- Ну, иди, Сеня, приляг. - Лазарев вздохнул и прикрыл устало глаза.
Придя в каюту, Унковский не сразу заснул, а достал толстую тетрадь в черном коленкоре и пододвинул свечу.
"Я видел сих несчастных, - начал писать Унковский, - продаваемых на рынке своими хозяевами, как будто зверей, не имея к ним никакого сострадания. Город С. Себастьян заполнен сими несчастными жертвами надменных португальцев. - Порыв ветра заколебал пламя свечи, Унковский устало потянулся и продолжал: - Все тяжкие работы исправляют невольники, и ни один природный португалец не снискает трудов рукоделием, но каждый имеет несколько невольников, которых он употреблять может по своей воле, и, утопая в лености, торжествует над сими несчастными, которые должны приносить ему ежедневно положенное количество денег, но если оный не может приобрести положенной суммы, то получает крепкие наказания".
Десяти дней оказалось достаточно, чтобы привести в порядок корабль и подготовить его к переходу через Атлантический океан в Австралию. За неделю до выхода из Англии пришел пакетбот и привез известие о полном поражении французов и вступлении русских войск в Париж.
Ранним утром 24 мая при легком береговом бризе корвет поставил паруса, вышел из бухты и курсом зюйд-ост кратчайшим путем направился в Австралию, к широтам попутных пассатных ветров. Через несколько дней с увеличением широты стали попадаться небольшие, темноватого цвета птицы, обычно предвещавшие штормовую погоду. Свободные от вахты матросы смастерили крючки и поймали на них несколько птиц, мясо их оказалось довольно вкусным, похожим на перепелиное.
На шканцах Лазарев щурился от яркого солнца, оглядывая ясный небосклон; подозвал старшего штурмана Максима Самсонова.
- Пригласите офицеров и всех штурманов. Практиковаться в астрономии надобно. - Он поднял секстан. Через три часа по наблюдениям солнца и луны вычислили долготу, определили склонение магнитного компаса. Оно отличалось на целый градус от указанного на английских картах.
Ветер постепенно крепчал, пришлось взять все рифы у марселей и опустить брам-реи…
Спустя две недели корвет вошел в полосу сороковых широт с устойчивыми попутными ветрами западных румбов. Плавание проходило в прекрасную погоду. Потянулись дни, недели благодатного времени, о котором впоследствии, обычно всю жизнь, с восторгом вспоминают моряки. Бездонный, гигантский купол нежно-голубого неба, ослепительное солнце, бескрайняя ширь океана и обрамленный белоснежными парусами корвет. К исходу дня жгучее солнце касалось, где-то недосягаемо далеко, океана, и на его поверхности тотчас протягивалась красно-медная полоса, уходившая под корму "Суворова". В коротких сумерках одна за другой на потемневшем небосклоне появлялись звезды, и вскоре безоглядная тьма окутывала мчавшийся под парусами корвет.

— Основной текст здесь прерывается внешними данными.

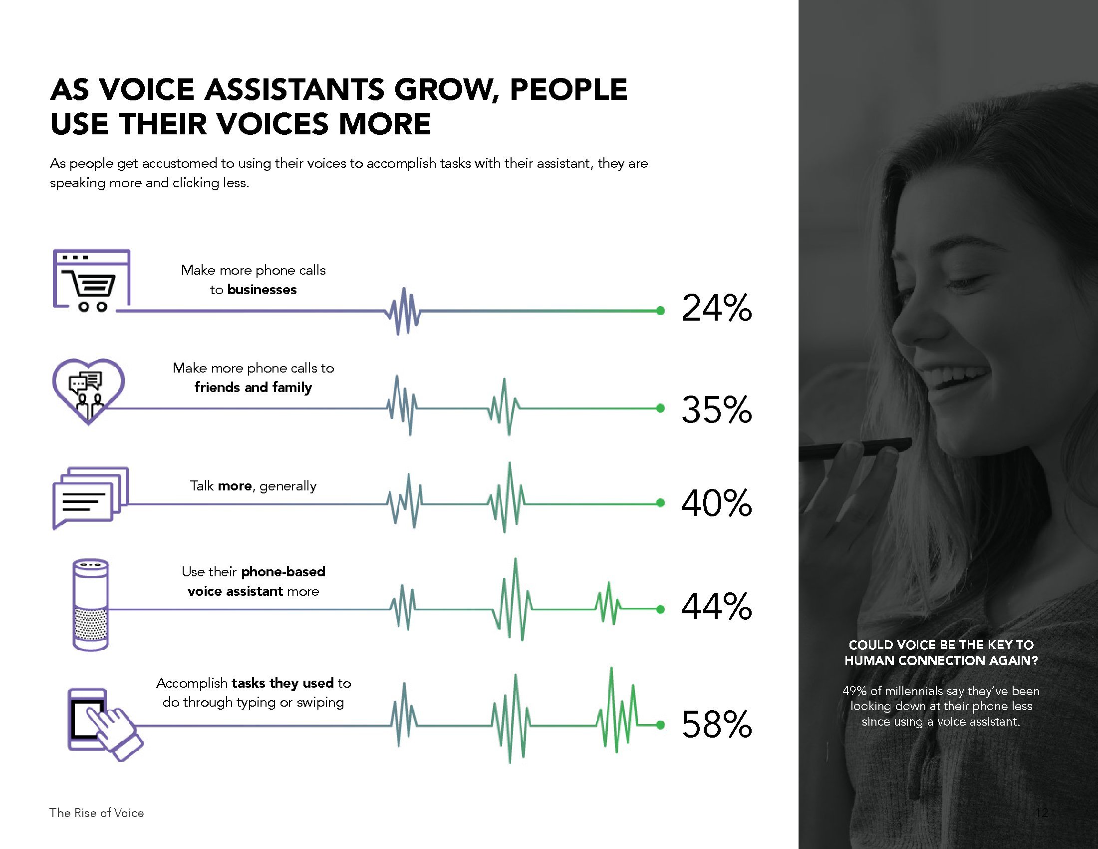 语音还有助于改善手机上瘾。一半的千禧一代受访者表示,自从使用语音助手,他们看电话的频率有所下降。
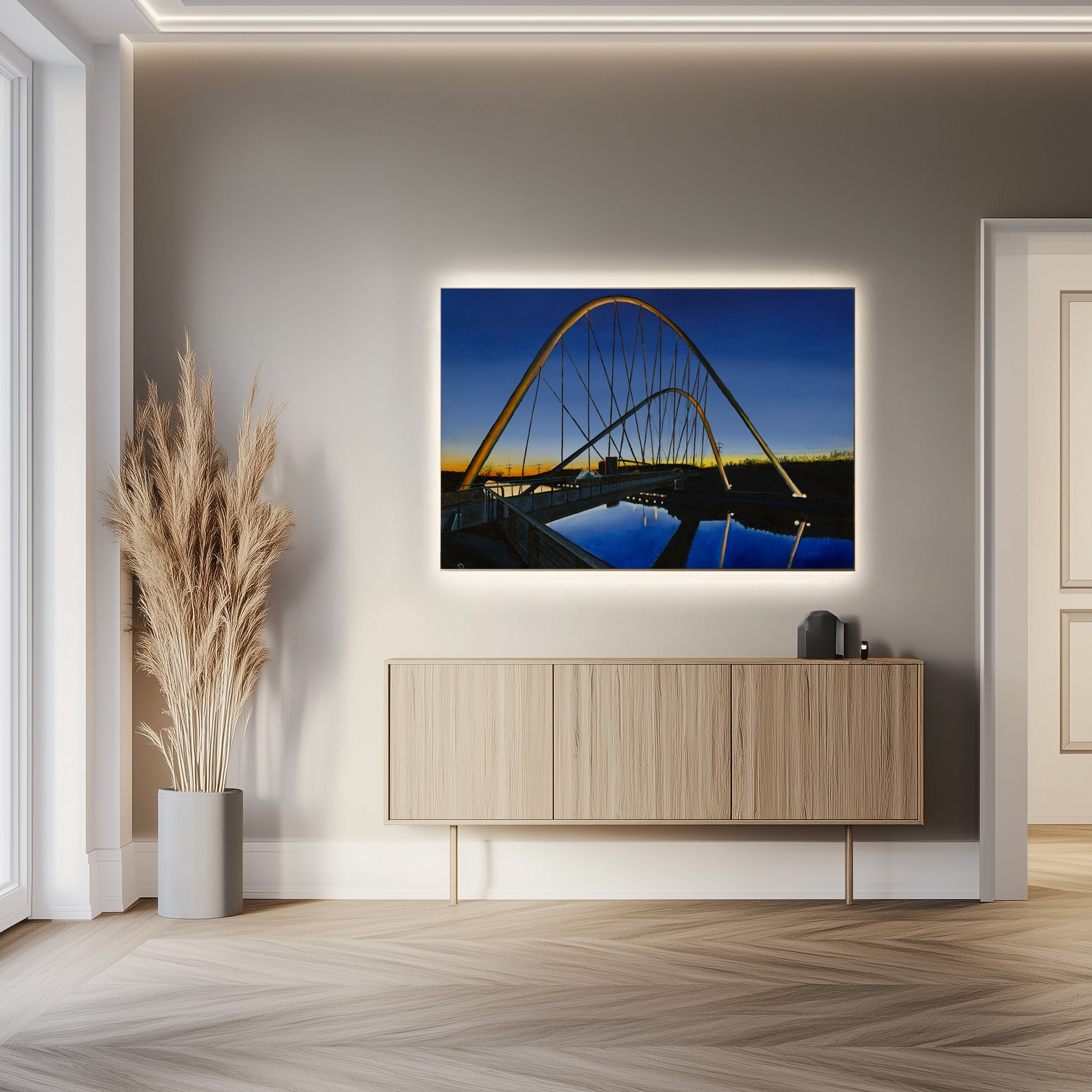 Alle Motive (Öl auf Leinwand) werden nach Fertigstellung hochauflösend eingescannt und anschließend auf Leinwand mit uv-beständigen Farben geplottet. Die fertigen Drucke werden dann auf 2-3 cm dicke Holzleisten gespannt (s. Beispielfoto). Ein Rahmen ist nicht notwendig. Die Seiten sind mitbedruckt. Weitere Größen auf Anfrage über Kontakt.

В таких длительных переходах в относительно спокойную погоду экипажу достается меньше хлопот. Размеренно несут вахту офицеры и матросы, как правило, в две смены. Нет той обычной в штормовое время напряженности у снастей. Ночью экипаж отдыхает спокойно, не ожидая каждую минуту авральной тревоги - "Пошел все наверх!".
В такие-то длинные погожие вечера, после ужина, в свободные от вахты часы неспешно вышагивали на шканцах командир и его помощник, или, как тогда называли, старший среди лейтенантов.
В лунные ночи, опершись о фальшборт, любовались красотой лунной тропинки на океанской ряби. Когда уставали, выносили на ют стулья из кают-компании, усаживались неподалеку от тускло освещенного путевого компаса.
Многое сближало Лазарева и Унковского. Ровесники, из небогатых мелкопоместных дворян, они в один год определились в Морской корпус, крепко там подружились, стали гардемаринами, вместе четыре года волонтерами бороздили моря под английским флагом. Им было о чем поговорить.
Рассуждали о житье-бытье, делились мнениями о службе, оглядывались на прошлое.
Как-то Лазарев, вспомнив о своем пленении, шутливо проговорил:
- Попались мы тогда как кур в ощип. Ты слыхал, видимо, что Ханыков неподалеку от Гангута сдрейфил против шведов и англичан и отошел. "Всеволод" немного отстал и напоролся на камни. Англичане навалились на него, взяли в кинжальный огонь. Я только что мичмана получил и назначение на "Благодать". Вызвался идти на выручку старшим на барказе, чтобы буксировать "Всеволод". Только мы завели буксиры, подошли два линкора англичан и картечью саданули. Наш барказ получил пробоину, пошел на дно. - Лазарев усмехнулся. - Куда денешься. Нас из воды, как щук, вылавливали. Правда, "Всеволод" англичанам не достался, все абордажи отбил. Ханыкова судили потом, да что толку, корабль все одно сожгли. А я через две недели на "Благодать" возвратился по размену.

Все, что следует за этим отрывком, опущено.